4857 sayılı İş Kanunu"nun 20/2 maddesi uyarınca “feshin geçerli bir sebebe dayandığını ispat yükümlülüğü işverene aittir”. İşveren ispat yükünü yerine getirirken, öncelikle feshin biçimsel koşullarına uyduğunu, daha sonra, içerik yönünden fesih nedenlerinin geçerli (veya haklı) olduğunu kanıtlayacaktır. Dairemizin kararlılık kazanan uygulaması bu yöndedir. (04.04.2008 gün ve 2007/29752 Esas, 2008/7448 Karar sayılı ilamımız).
İşçinin, iş ilişkisinde yükümlülüklerinden biri sadakat borcudur. Sadakat yükümü, sözleşmenin taraflarına sözleşme ilişkisinden doğan borçların ifasında, karşı tarafın şahsına, mülkiyetine ve hukuken korunan diğer varlıklarına zarar vermeme, keza sözleşme ilişkisinin kapsamı dışında sözleşme ile güdülen amacı tehlikeye sokacak özellikle karşılıklı duyulan güveni sarsacak her türlü davranıştan kaçınma yükümlülüğünü yüklemektedir. İşçinin dolaylı da olsa çalıştığı şirket ile aynı faaliyet alanında şirket kurması, mesaisini kısmende olsa bu şirkette geçirmesi, şirketin müşterilerini aynı faaliyet alanında başka bir şirkete yönlendirmesi sadakat yükümlülüğünün ihlalidir.

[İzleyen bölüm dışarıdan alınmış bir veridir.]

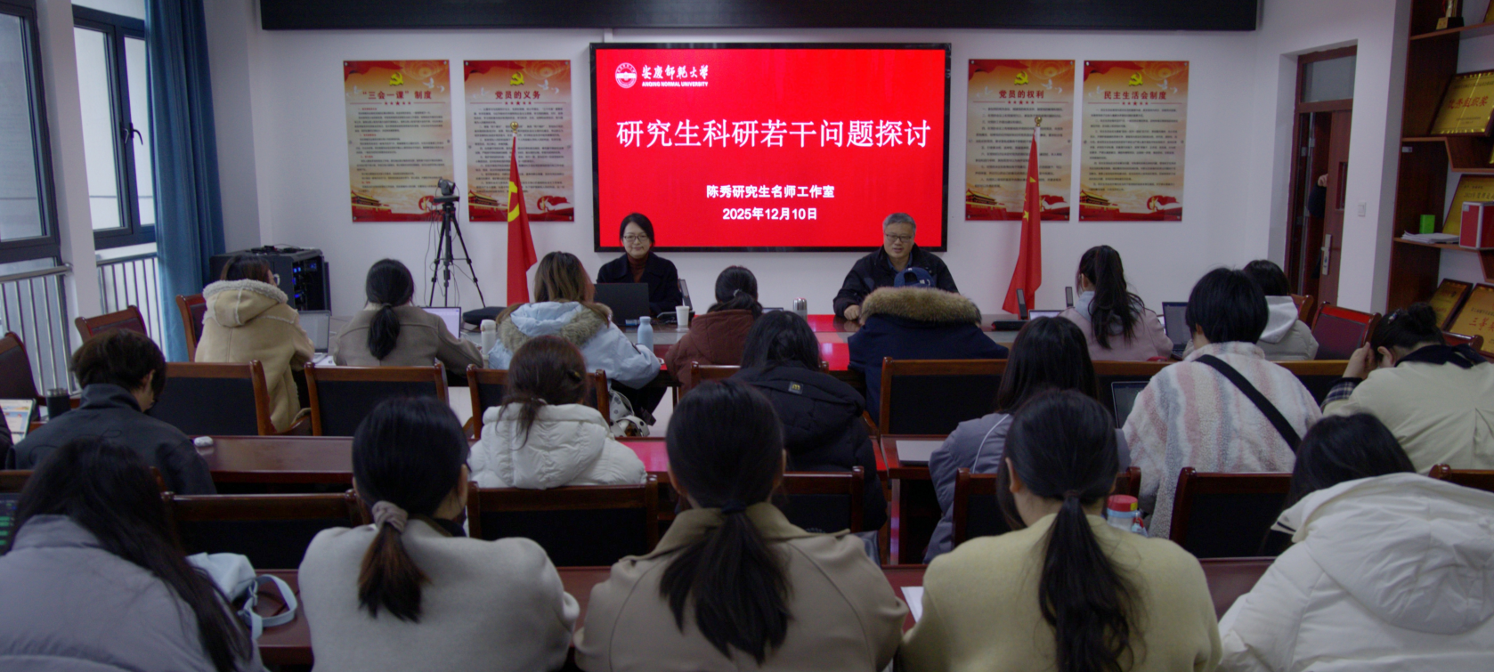 12月10日,英国正版365官方网站研究生名师工作室陈秀教授为学院2024、2025级研究生作题为《研究生科研若干问题的探讨》的讲座,英国正版365官方网站执行院长王业明主持讲座。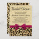 Leopard Print with bright hot pink fuchsia Bow Bridal Shower Invitation is great for the feminine female girly girl with a flair for fashion and modern style. Shades of gold and black leopard or cheetah wild animal safari theme is chic and classy.
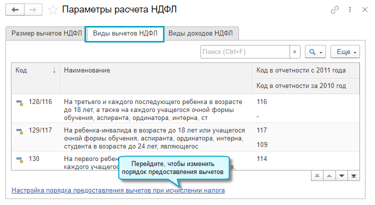 Добавлена возможность настроить порядок предоставления вычетов по НДФЛ по уведомлениям ФНС о праве на вычеты. Например, имущественные вычеты на приобретение жилья предоставлять в последнюю очередь, поскольку их неиспользованный остаток переносится на следующий год, в отличие от социальных.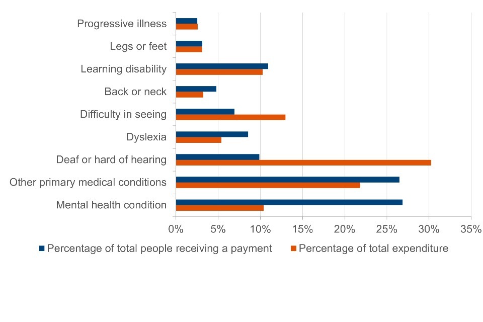 Percentage of total expenditure and percentage in receipt of payment in 2023 to 2024 by primary medical condition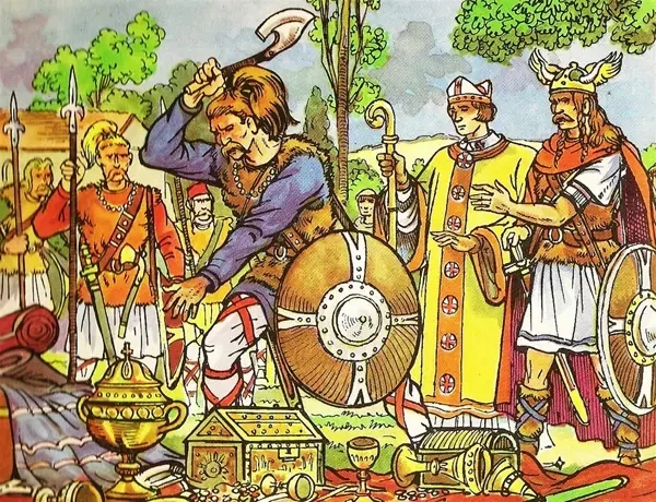 На этом изображении Святой Ремигий, епископ Реймса, приходит просить Хлодвига, который в то время ещё не принял христианство, о возвращении священной чаши, которая хранилась в соборе в Суассонском королевстве, захваченной франками при разграблении ими Суассона. Винтажная иллюстрация. Рисунок по мотивам средневековой миниатюры. Источник: Digital Vision Vectors.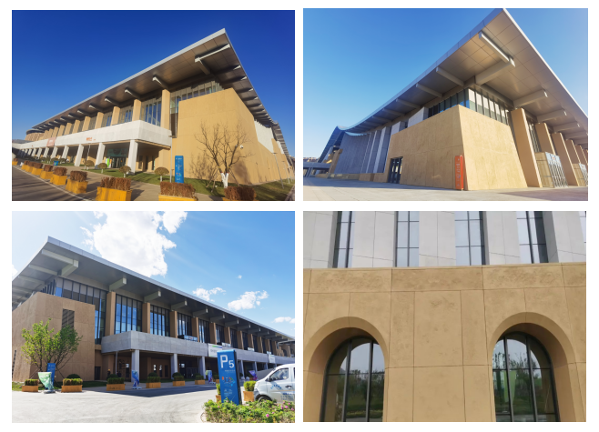 本項目幕墻工程施工范圍包含輕型混凝土掛板幕墻、玻璃幕墻、鋁合金裝飾格柵等。其中幕墻工程包含了西北首個大體量開縫式仿砂巖藝術(shù)混凝土幕墻、清水混凝土幕墻等多項工藝難點(該項目多項新工藝、新技術(shù)、實用新型已成功申請專利)。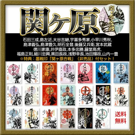 他の画像を見る 初めて墨将印を買う方にもおすすめ! 武将印『墨将印』■関ヶ原合戦 参戦武将セット 価格 ¥ 6,600 税込 会員 ¥ 5,500 税込 ■関ヶ原合戦本戦に参戦した20名の墨将印(武将印)セット! ※特典:墨戦印「関ヶ原合戦」(非売品)付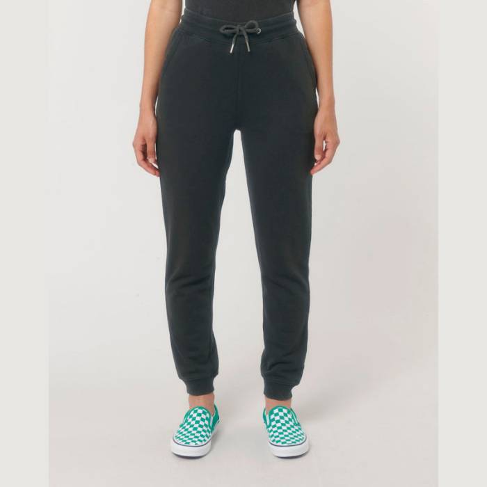 Elegáns uniszex jogger nadrág bordázott derékrésszel, harmonizáló húzózsinórokkal és divatos, mosott megjelenéssel. A részletek közé tartoznak a fém fűzőlyukak és a hátsó zseb. Egyedi ruhafestési eljárással készült; a színek eltérőek lehetnek.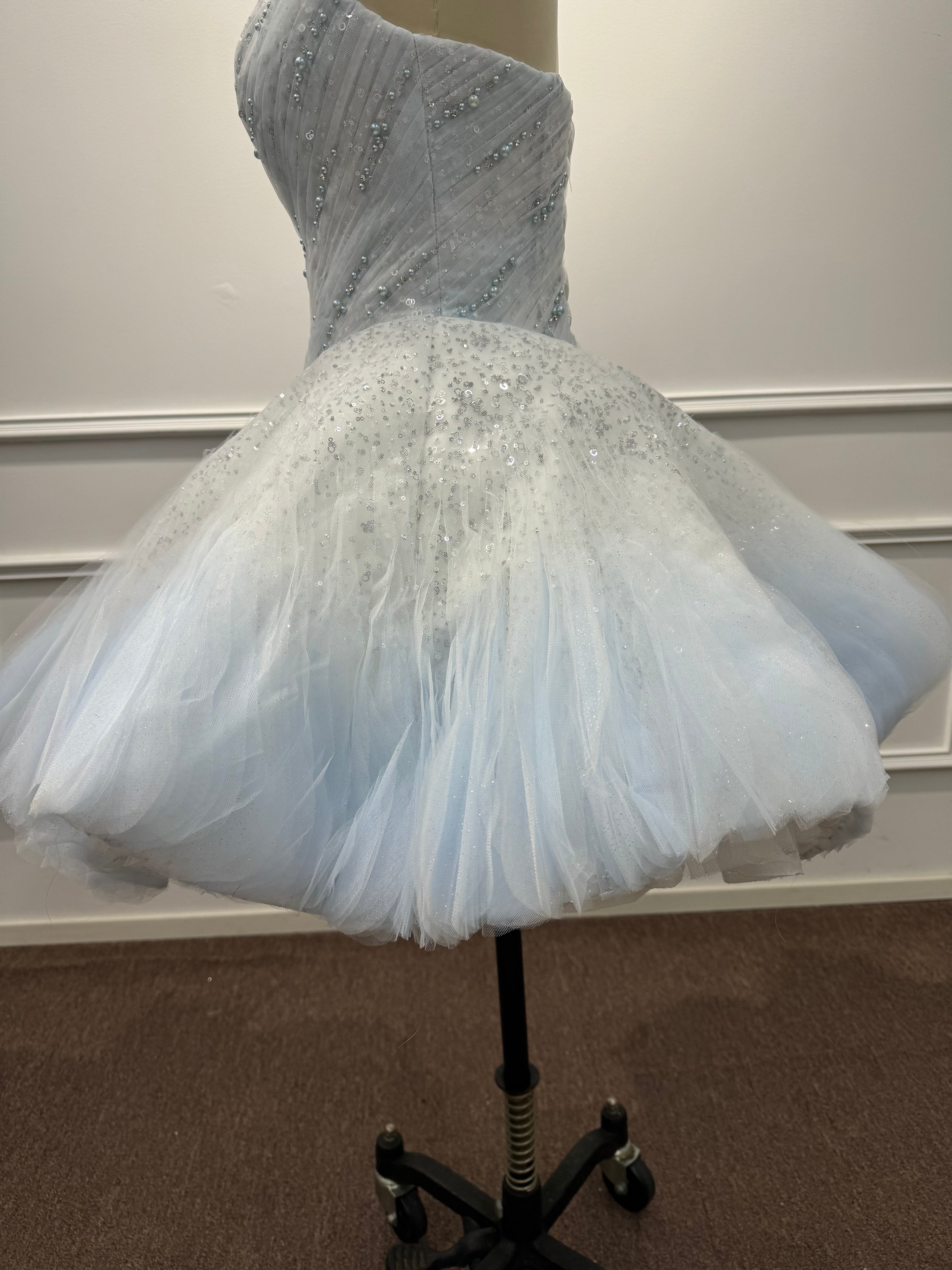 Make a stunning entrance at your next special event in this enchanting blue strapless ball gown. Adorned with exquisite beaded embellishments, this dress combines classic elegance with modern glamour.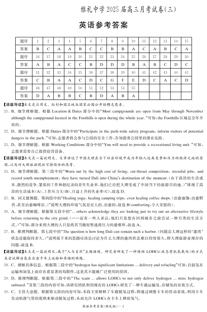 湖南省长沙市雅礼中学2025届高三11月考卷(三)英语答案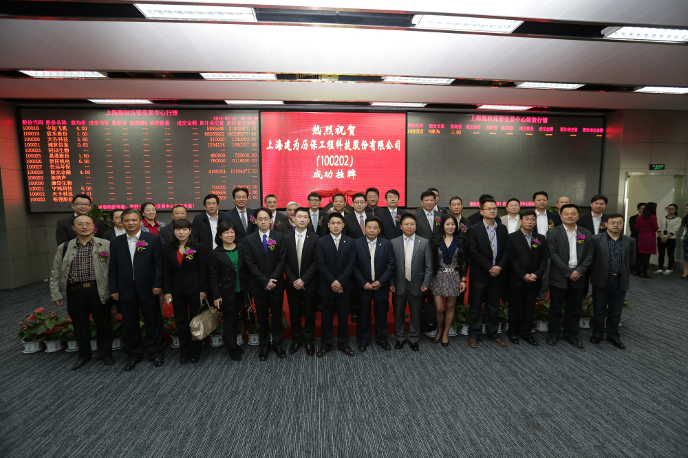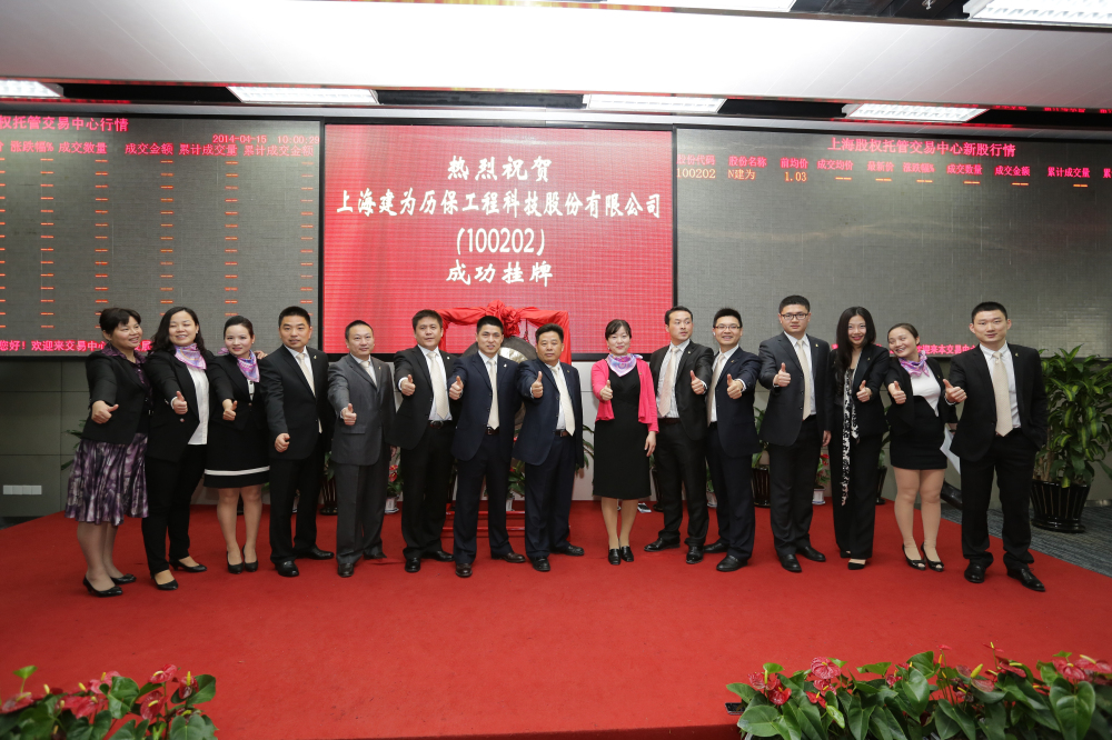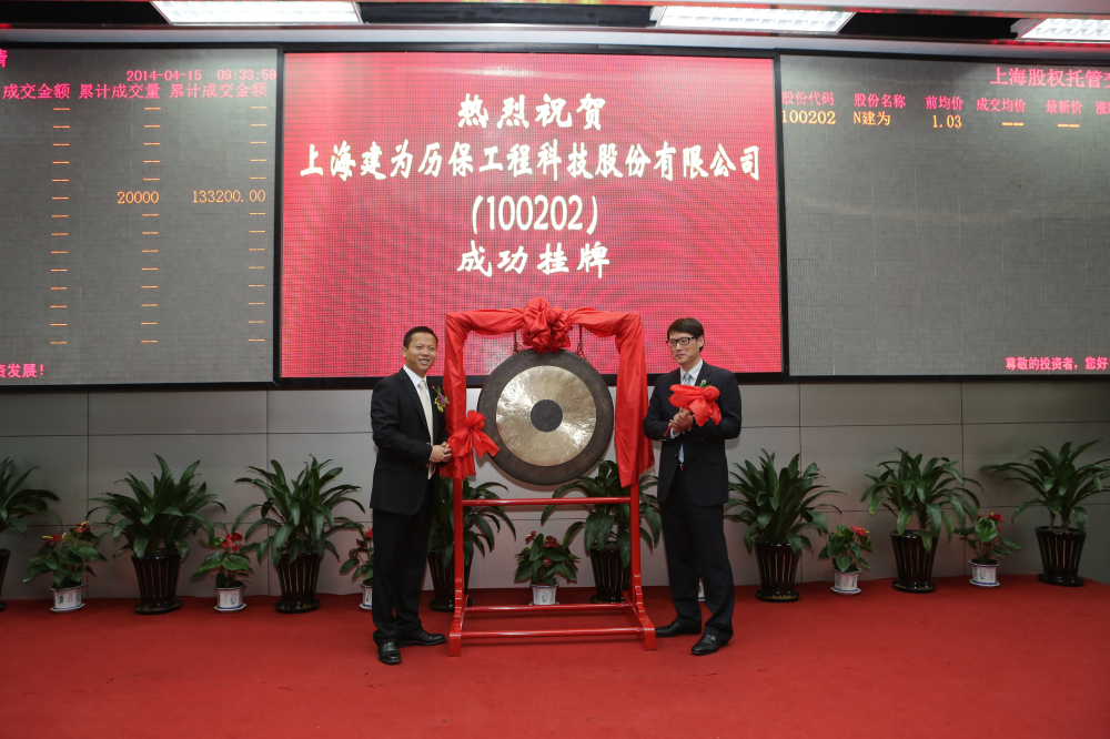 2014年4月15日9:30,上海股权托管交易中心一楼,建为历保董事长郭伟民与上海文物局副局长褚晓波共同敲响交易所的大钟,随着这声标志着成功持牌上市的清脆铜锣声被敲响,交易大厅屏幕用红色大字显示“上海建为历保工程科技股份有限公司成功挂牌上市,股票代码100202”。这也标志着上海建为历保工程科技股份有限公司(简称建为历保)在上海股权交易中心成功挂牌上市。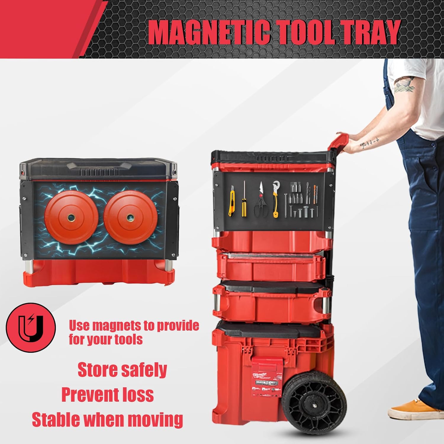 This isn’t just another accessory – it’s a precision-engineered solution that transforms your Milwaukee Packout system into a mobile workstation. The powerful magnetic surface allows you to securely place tools, fasteners, and small components without worrying about them sliding off or getting lost.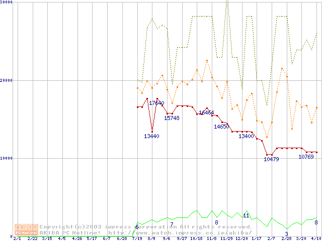 | PC4000 DDR SDRAM 512MBの価格推移(税込み相当額) |

Dosya içeriğine göre davacının iş sözleşmesi davalı şirketin faaliyet alanında bir şirket kurması, şirketin müşterilerini bu şirkete yönlendirmesi, işverene zarar vermesi ve doğruluk ve bağlılığa uymayan davranışlarda bulunması nedeni ile feshedilmiş, davalı işveren feshe ilişkin olarak da davacıya kullanması için tahsis edilen telefonun, kurulan şirketin adresinde bulunan logoda irtibat telefonu olarak yer alması ile Zonguldak ve Amasya illerinde bulunan müşterilerine bu şirketten mal gönderilmesi ve fatura edilmesi ile ilgili fotoğraf ve belgeler sunmuştur. Anılan SİES şirketinin davacının kayınpederine ait olduğu davacının kabulündedir. Belgelere ve fotoğrafa göre davalı işverenin tanıtım broşüründe yer alan 0532 5711111 nolu telefon, SİES şirketinin levhasında da yer almaktadır. Mahkemece anılan şirkete ait sicil kayıtları getirilmemiş, şirketin faaliyet alanı, şirket levhasında yer alan mobil telefonun davacıya davalı tarafından tahsis edildip edilmediği, neden diğer şirket levhasında yer aldığı, aynı telefon olup olmadığı, dava dışı SİES şirketi tarafından mal gönderilen ve fatura kesilen Amasya ve Zonguldak illerindeki müşterilerin davalı şirket müşterisi olup olmadıkları, davacının sorumluluğu bölgesinde yer alan bu şirketlerin ne şekilde SİES şirketi ile bağlantı kurdukları araştırılmadan karar verilmiştir. Davacının işverenin güvenini kötüye kullanıp kullanmadığını, işverene zarar verip vermediğinin, doğruluk ve bağlılığa aykırı davranışlarda bulunup bulunmadığının belirlenebilmesi için belirtilen olguların açıklığa kavuşturulması gerekir. Eksik inceleme ile karar verilmesi hatalıdır.
SONUÇ: Temyiz olunan kararın yukarıda yazılı sebepten BOZULMASINA, peşin alınan temyiz harcının istek halinde ilgiliye iadesine, 01.02.2010 gününde oybirliğiyle karar verildi.